From: Oleg Nesterov <oleg@redhat.com>
To: Peter Zijlstra <peterz@infradead.org>
Cc: Dave Jones <davej@redhat.com>,
Linux Kernel <linux-kernel@vger.kernel.org>,
Thomas Gleixner <tglx@linutronix.de>,
rostedt <rostedt@goodmis.org>, dhowells <dhowells@redhat.com>,
Al Viro <viro@zeniv.linux.org.uk>
Subject: task_work_add() should not succeed unconditionally (Was: lockdep trace from posix timers)
Date: Fri, 17 Aug 2012 18:40:41 +0200 [thread overview]
Message-ID: <20120817164041.GA12017@redhat.com> (raw)

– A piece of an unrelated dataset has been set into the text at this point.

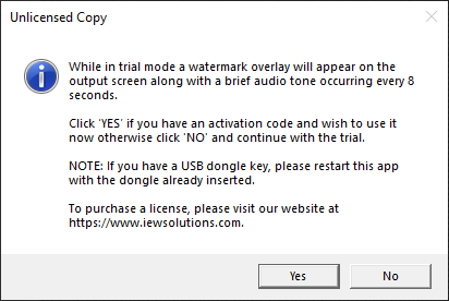Anytime the app is launched and unable to find a valid license key on the system this dialog will appear.
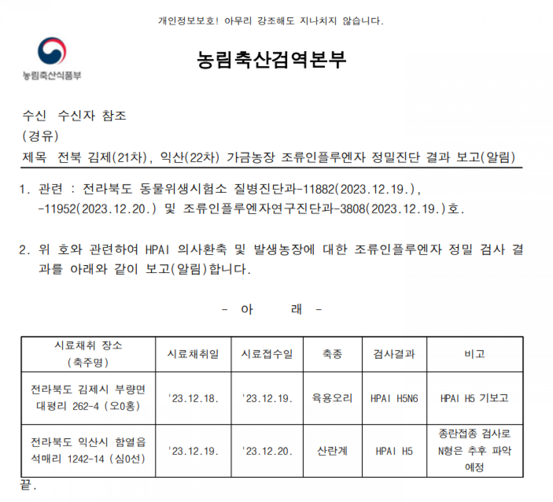 전북 익산시(22차) 가금농가(산란계)고병원성 AI 확진에 따른 방역조치 알림

In-Reply-To: <20120817151747.GA8248@redhat.com>
On 08/17, Oleg Nesterov wrote:
>
> On 08/17, Oleg Nesterov wrote:
> >
> > On 08/16, Peter Zijlstra wrote:
> > >
> > > write_lock_irq(&tasklist_lock)
> > > task_lock(parent) parent->alloc_lock
> >
> > And this is already wrong. See the comment above task_lock().
> >
> > > And since it_lock is IRQ-safe and alloc_lock isn't, you've got the IRQ
> > > inversion deadlock reported.
> >
> > Yes. Or, IOW, write_lock(tasklist) is IRQ-safe and thus it can't nest
> > with alloc_lock.
> >
> > > David, Al, anybody want to have a go at fixing this?
> >
> > I still think that task_work_add() should synhronize with exit_task_work()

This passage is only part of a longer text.